# TASK ITEM
For every record that follows, write out the text exactly and omit the picture, if one is present.

*** EXTRACTED DATA ***

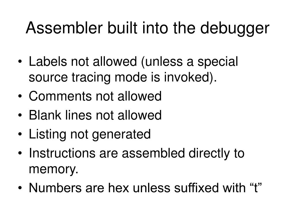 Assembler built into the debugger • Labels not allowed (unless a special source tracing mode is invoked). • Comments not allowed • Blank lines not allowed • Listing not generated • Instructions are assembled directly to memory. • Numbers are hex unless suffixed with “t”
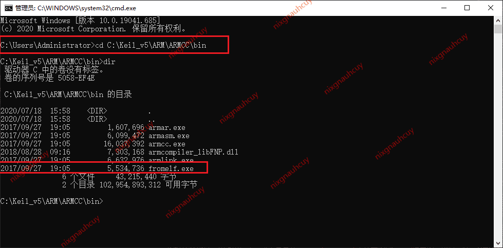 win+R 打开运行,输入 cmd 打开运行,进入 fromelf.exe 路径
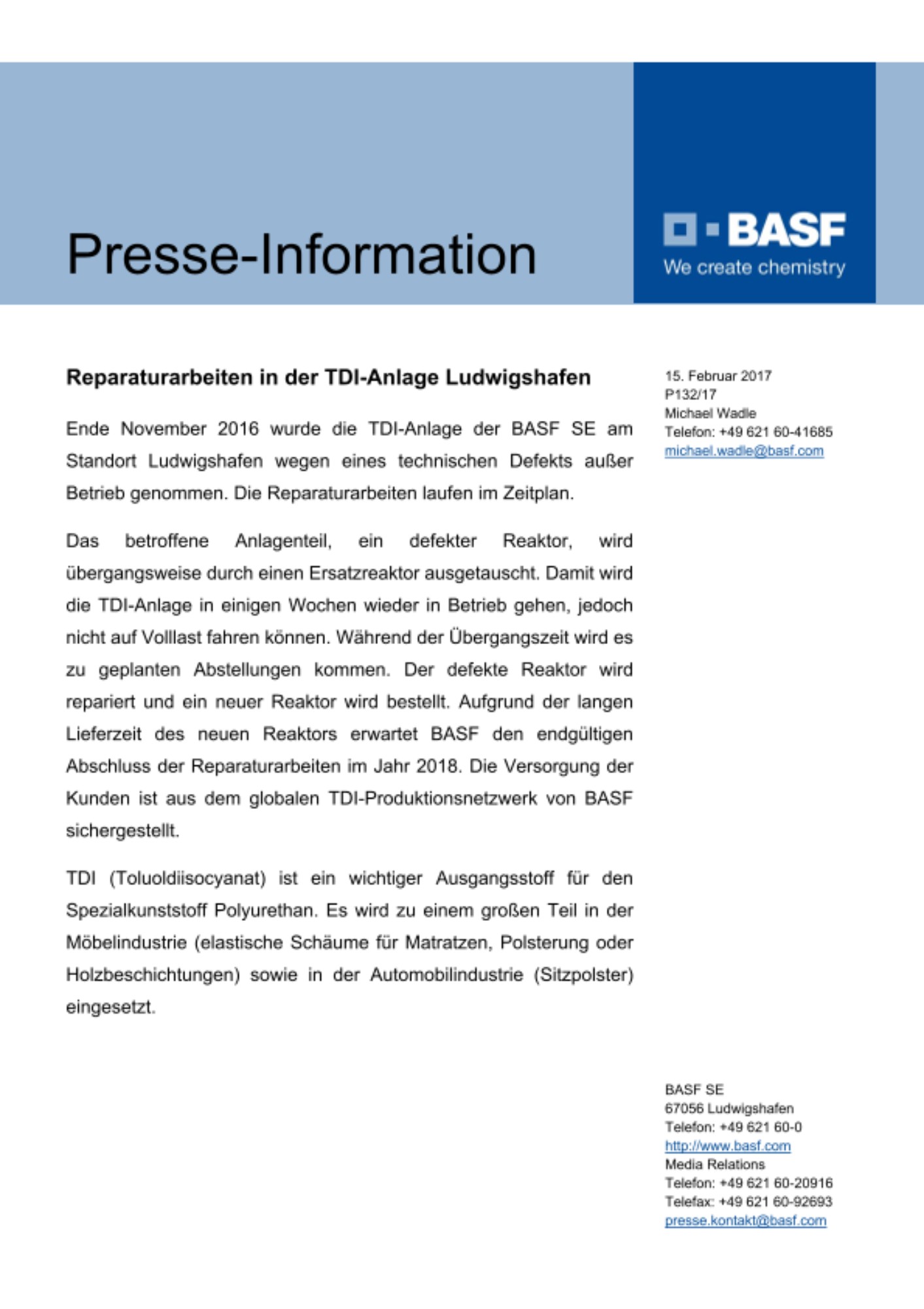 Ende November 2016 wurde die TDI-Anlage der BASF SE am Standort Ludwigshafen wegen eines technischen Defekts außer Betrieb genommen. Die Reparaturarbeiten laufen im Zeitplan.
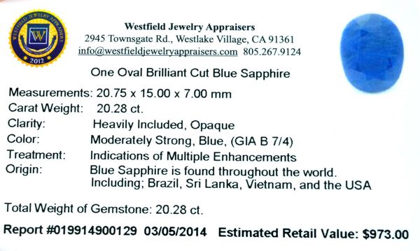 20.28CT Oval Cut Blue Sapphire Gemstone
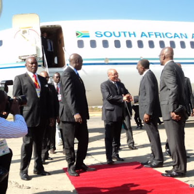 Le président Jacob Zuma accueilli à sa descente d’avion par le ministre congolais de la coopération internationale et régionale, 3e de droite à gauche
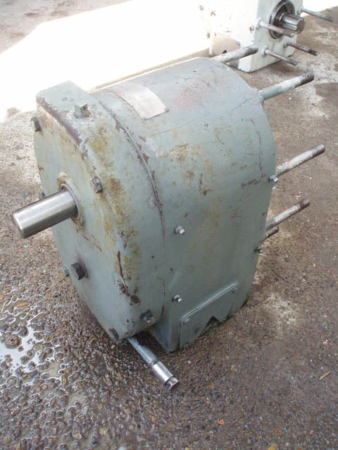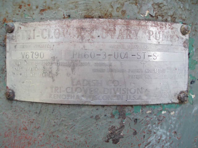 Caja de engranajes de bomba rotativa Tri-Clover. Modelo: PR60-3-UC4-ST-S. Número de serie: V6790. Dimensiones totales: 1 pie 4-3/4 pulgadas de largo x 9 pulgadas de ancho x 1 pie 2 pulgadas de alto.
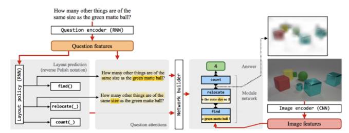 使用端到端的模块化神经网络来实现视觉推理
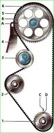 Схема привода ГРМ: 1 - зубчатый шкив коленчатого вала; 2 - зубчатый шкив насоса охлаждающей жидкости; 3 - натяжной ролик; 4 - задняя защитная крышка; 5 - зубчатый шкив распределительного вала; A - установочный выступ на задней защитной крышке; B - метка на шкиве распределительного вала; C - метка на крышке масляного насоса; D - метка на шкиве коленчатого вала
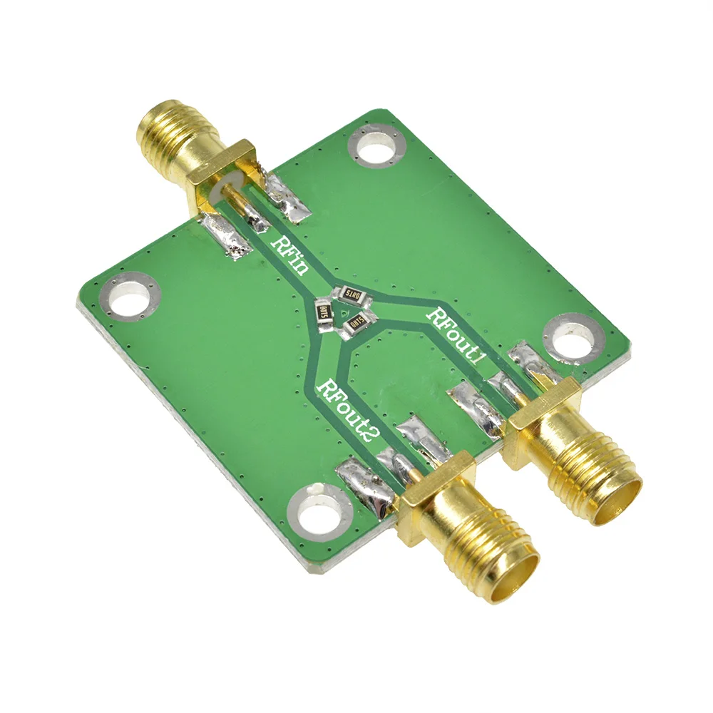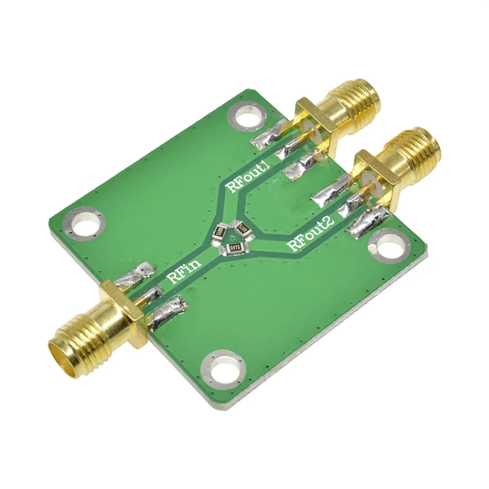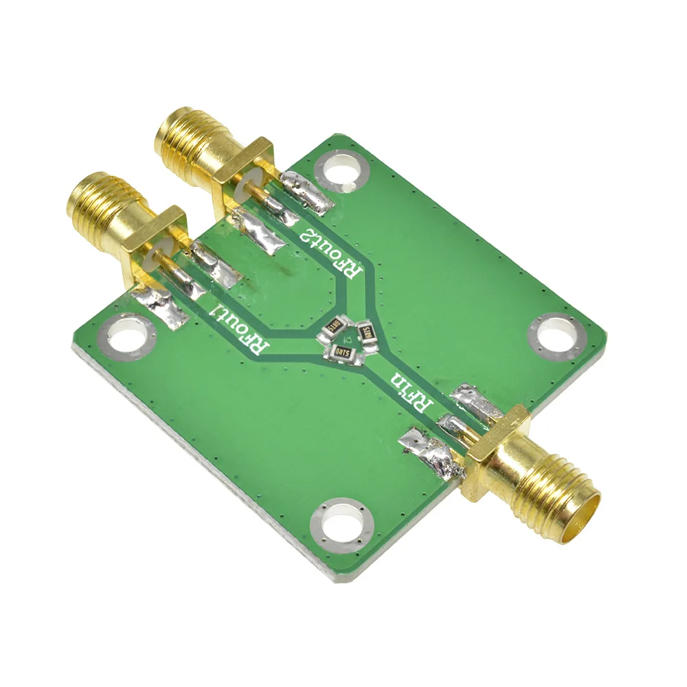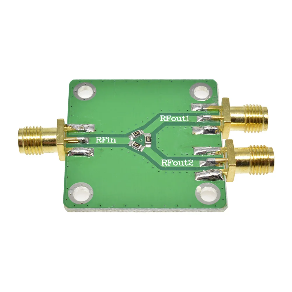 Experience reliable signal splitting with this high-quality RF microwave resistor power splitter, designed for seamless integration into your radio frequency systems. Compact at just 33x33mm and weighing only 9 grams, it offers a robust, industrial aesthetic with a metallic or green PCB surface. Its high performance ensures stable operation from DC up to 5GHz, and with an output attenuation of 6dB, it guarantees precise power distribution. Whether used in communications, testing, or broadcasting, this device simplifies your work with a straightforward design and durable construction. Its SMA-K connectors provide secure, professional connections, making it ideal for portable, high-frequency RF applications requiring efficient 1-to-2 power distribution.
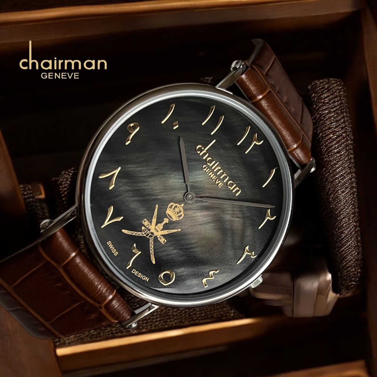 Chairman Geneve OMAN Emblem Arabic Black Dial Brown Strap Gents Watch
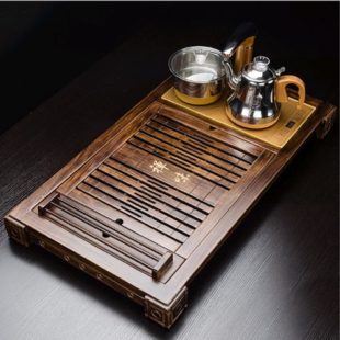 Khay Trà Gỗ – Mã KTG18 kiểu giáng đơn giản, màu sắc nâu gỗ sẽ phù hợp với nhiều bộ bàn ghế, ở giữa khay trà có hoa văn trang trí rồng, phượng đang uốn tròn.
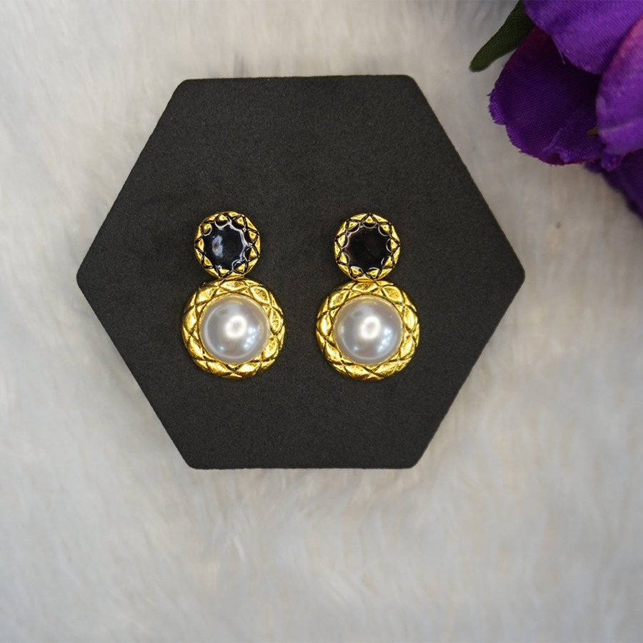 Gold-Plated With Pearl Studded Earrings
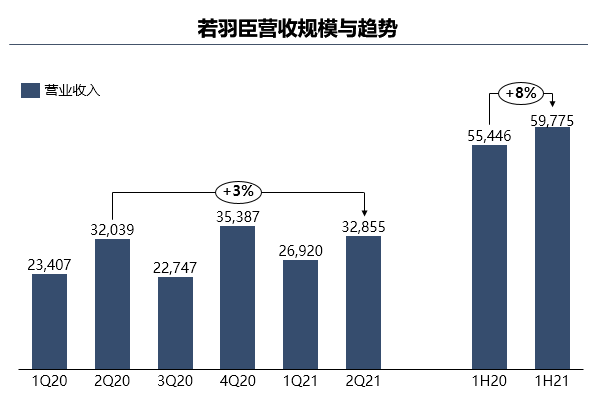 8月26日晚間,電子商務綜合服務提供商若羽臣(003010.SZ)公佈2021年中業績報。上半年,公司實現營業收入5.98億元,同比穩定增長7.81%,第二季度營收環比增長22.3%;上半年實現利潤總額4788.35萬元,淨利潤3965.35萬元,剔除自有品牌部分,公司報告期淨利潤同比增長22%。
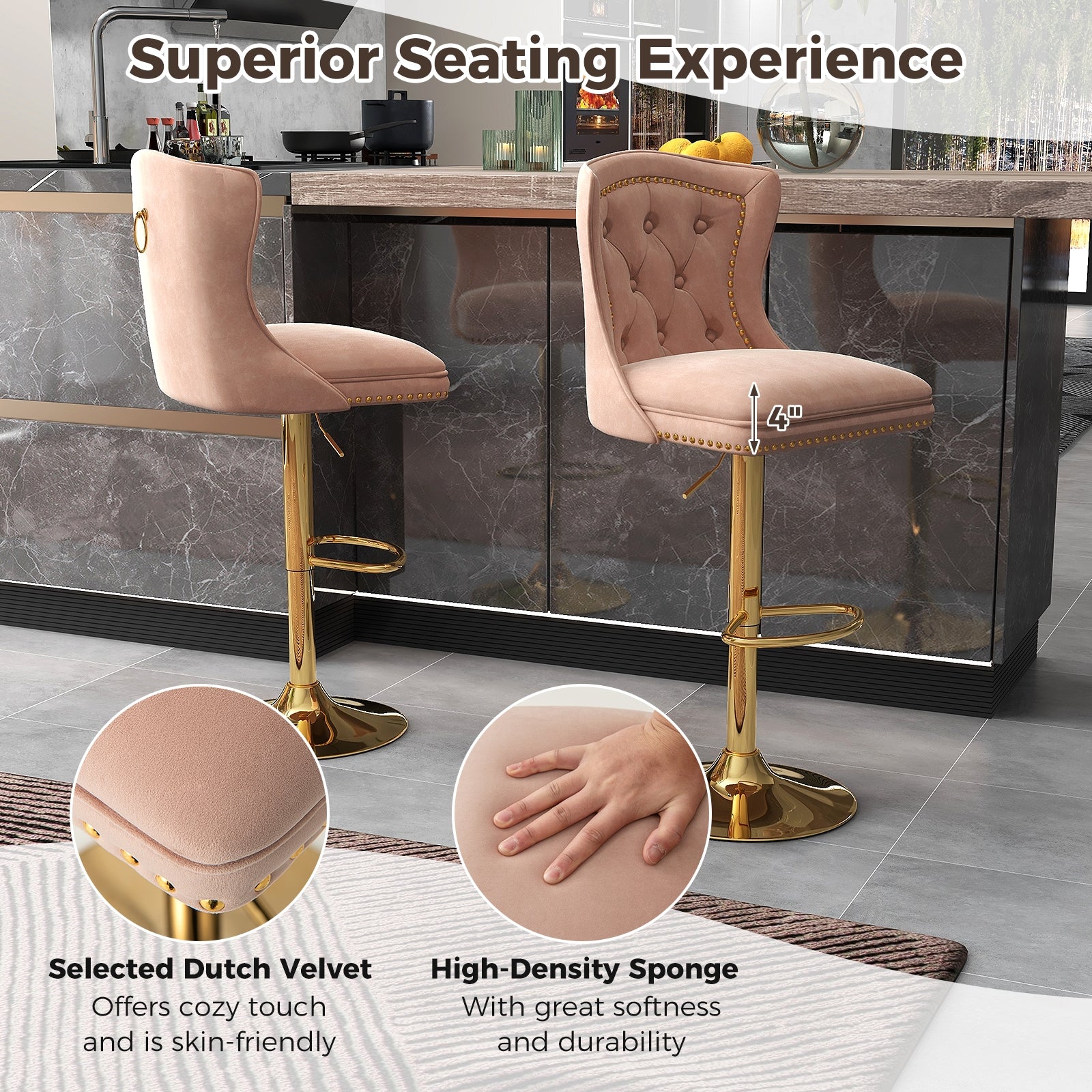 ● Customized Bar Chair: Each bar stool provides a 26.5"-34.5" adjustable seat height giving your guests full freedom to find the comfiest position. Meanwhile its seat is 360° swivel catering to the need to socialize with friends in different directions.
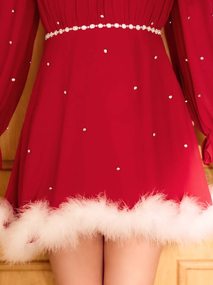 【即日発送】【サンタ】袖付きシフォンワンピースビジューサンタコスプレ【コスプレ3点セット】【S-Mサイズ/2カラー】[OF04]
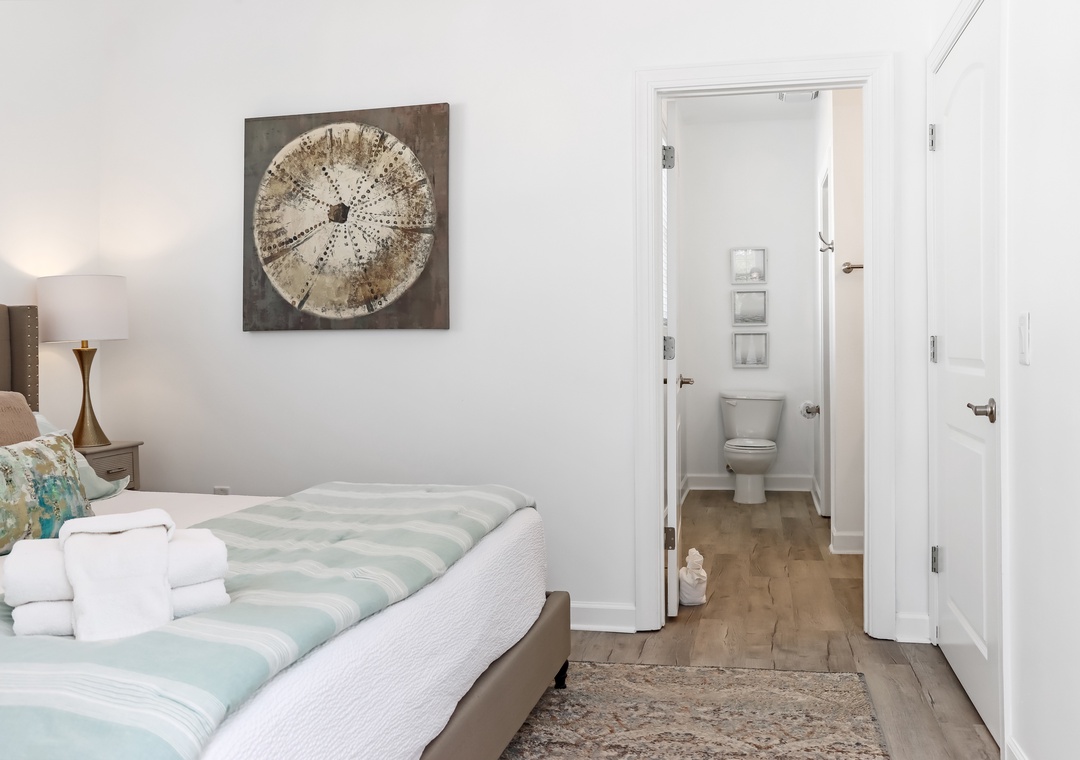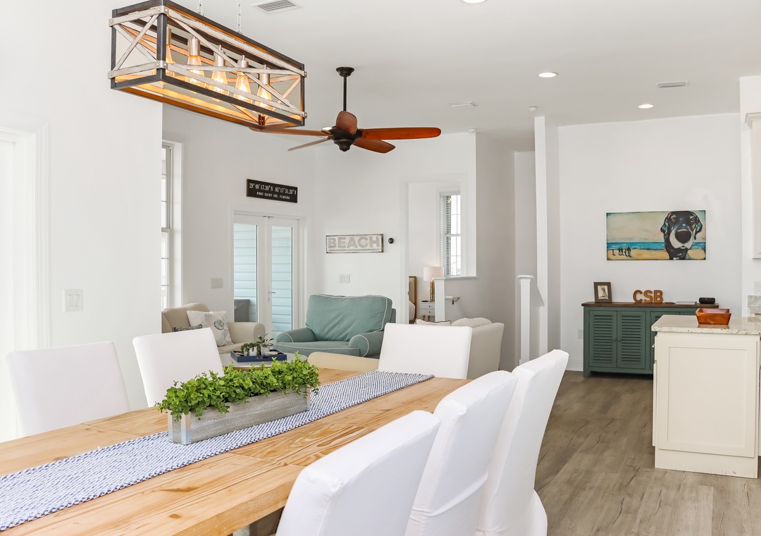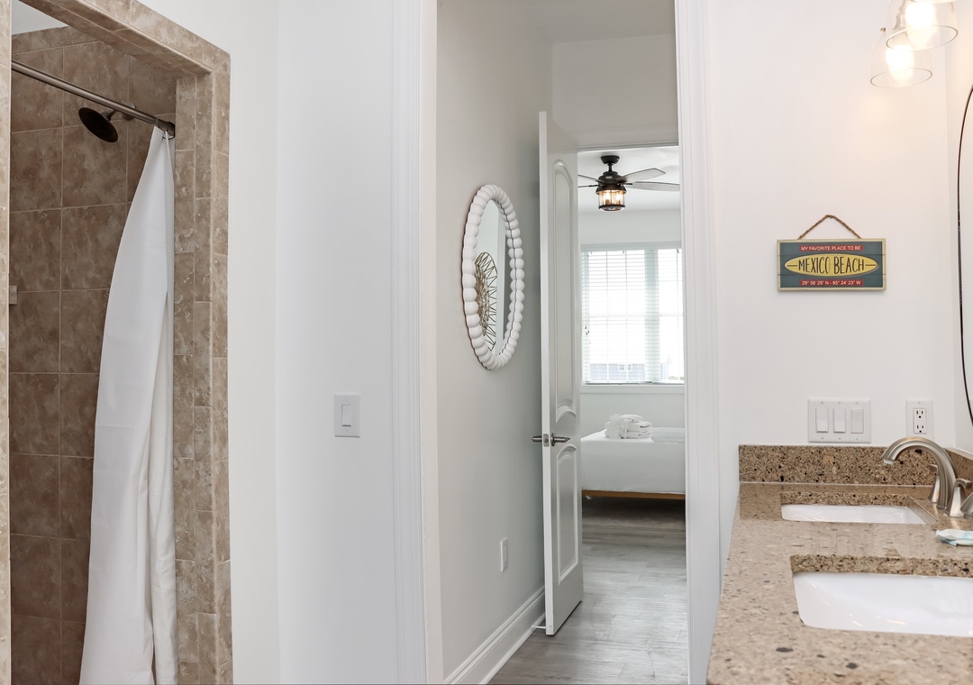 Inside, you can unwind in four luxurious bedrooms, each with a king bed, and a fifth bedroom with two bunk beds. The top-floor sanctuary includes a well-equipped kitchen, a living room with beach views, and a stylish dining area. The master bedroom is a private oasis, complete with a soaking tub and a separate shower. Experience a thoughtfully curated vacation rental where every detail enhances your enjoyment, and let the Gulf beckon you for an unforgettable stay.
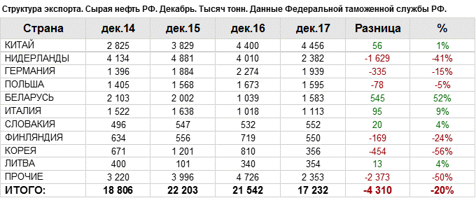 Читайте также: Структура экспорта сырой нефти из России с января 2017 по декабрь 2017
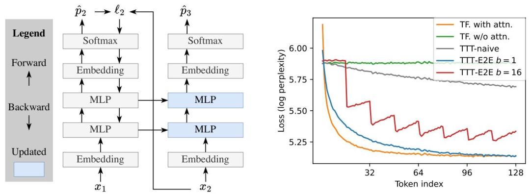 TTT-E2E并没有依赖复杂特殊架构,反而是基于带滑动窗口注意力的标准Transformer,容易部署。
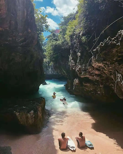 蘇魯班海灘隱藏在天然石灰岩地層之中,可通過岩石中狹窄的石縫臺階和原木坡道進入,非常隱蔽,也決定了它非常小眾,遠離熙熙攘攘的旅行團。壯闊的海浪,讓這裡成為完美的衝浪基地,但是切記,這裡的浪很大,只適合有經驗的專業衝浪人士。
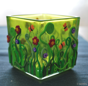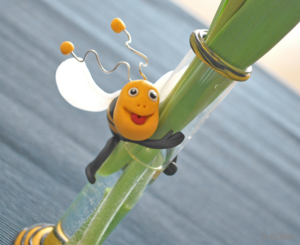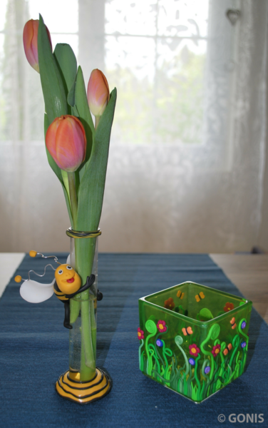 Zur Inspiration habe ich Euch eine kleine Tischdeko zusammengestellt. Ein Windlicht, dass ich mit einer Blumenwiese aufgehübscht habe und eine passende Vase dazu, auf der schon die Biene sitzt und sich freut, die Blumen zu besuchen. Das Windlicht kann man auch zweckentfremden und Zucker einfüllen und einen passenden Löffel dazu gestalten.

***

# RESPONSE TO THE EXERCISE
 Assembler built into the debugger • Labels not allowed (unless a special source tracing mode is invoked). • Comments not allowed • Blank lines not allowed • Listing not generated • Instructions are assembled directly to memory. • Numbers are hex unless suffixed with “t”
 win+R 打开运行,输入 cmd 打开运行,进入 fromelf.exe 路径
 Ende November 2016 wurde die TDI-Anlage der BASF SE am Standort Ludwigshafen wegen eines technischen Defekts außer Betrieb genommen. Die Reparaturarbeiten laufen im Zeitplan.
 20.28CT Oval Cut Blue Sapphire Gemstone
 Le président Jacob Zuma accueilli à sa descente d’avion par le ministre congolais de la coopération internationale et régionale, 3e de droite à gauche
 Caja de engranajes de bomba rotativa Tri-Clover. Modelo: PR60-3-UC4-ST-S. Número de serie: V6790. Dimensiones totales: 1 pie 4-3/4 pulgadas de largo x 9 pulgadas de ancho x 1 pie 2 pulgadas de alto.
 使用端到端的模块化神经网络来实现视觉推理
 Схема привода ГРМ: 1 - зубчатый шкив коленчатого вала; 2 - зубчатый шкив насоса охлаждающей жидкости; 3 - натяжной ролик; 4 - задняя защитная крышка; 5 - зубчатый шкив распределительного вала; A - установочный выступ на задней защитной крышке; B - метка на шкиве распределительного вала; C - метка на крышке масляного насоса; D - метка на шкиве коленчатого вала
 Experience reliable signal splitting with this high-quality RF microwave resistor power splitter, designed for seamless integration into your radio frequency systems. Compact at just 33x33mm and weighing only 9 grams, it offers a robust, industrial aesthetic with a metallic or green PCB surface. Its high performance ensures stable operation from DC up to 5GHz, and with an output attenuation of 6dB, it guarantees precise power distribution. Whether used in communications, testing, or broadcasting, this device simplifies your work with a straightforward design and durable construction. Its SMA-K connectors provide secure, professional connections, making it ideal for portable, high-frequency RF applications requiring efficient 1-to-2 power distribution.
 Chairman Geneve OMAN Emblem Arabic Black Dial Brown Strap Gents Watch
 Khay Trà Gỗ – Mã KTG18 kiểu giáng đơn giản, màu sắc nâu gỗ sẽ phù hợp với nhiều bộ bàn ghế, ở giữa khay trà có hoa văn trang trí rồng, phượng đang uốn tròn.
 Gold-Plated With Pearl Studded Earrings
 8月26日晚間,電子商務綜合服務提供商若羽臣(003010.SZ)公佈2021年中業績報。上半年,公司實現營業收入5.98億元,同比穩定增長7.81%,第二季度營收環比增長22.3%;上半年實現利潤總額4788.35萬元,淨利潤3965.35萬元,剔除自有品牌部分,公司報告期淨利潤同比增長22%。
 ● Customized Bar Chair: Each bar stool provides a 26.5"-34.5" adjustable seat height giving your guests full freedom to find the comfiest position. Meanwhile its seat is 360° swivel catering to the need to socialize with friends in different directions.
 【即日発送】【サンタ】袖付きシフォンワンピースビジューサンタコスプレ【コスプレ3点セット】【S-Mサイズ/2カラー】[OF04]
 Inside, you can unwind in four luxurious bedrooms, each with a king bed, and a fifth bedroom with two bunk beds. The top-floor sanctuary includes a well-equipped kitchen, a living room with beach views, and a stylish dining area. The master bedroom is a private oasis, complete with a soaking tub and a separate shower. Experience a thoughtfully curated vacation rental where every detail enhances your enjoyment, and let the Gulf beckon you for an unforgettable stay.
 Читайте также: Структура экспорта сырой нефти из России с января 2017 по декабрь 2017
 TTT-E2E并没有依赖复杂特殊架构,反而是基于带滑动窗口注意力的标准Transformer,容易部署。
 蘇魯班海灘隱藏在天然石灰岩地層之中,可通過岩石中狹窄的石縫臺階和原木坡道進入,非常隱蔽,也決定了它非常小眾,遠離熙熙攘攘的旅行團。壯闊的海浪,讓這裡成為完美的衝浪基地,但是切記,這裡的浪很大,只適合有經驗的專業衝浪人士。
 Zur Inspiration habe ich Euch eine kleine Tischdeko zusammengestellt. Ein Windlicht, dass ich mit einer Blumenwiese aufgehübscht habe und eine passende Vase dazu, auf der schon die Biene sitzt und sich freut, die Blumen zu besuchen. Das Windlicht kann man auch zweckentfremden und Zucker einfüllen und einen passenden Löffel dazu gestalten.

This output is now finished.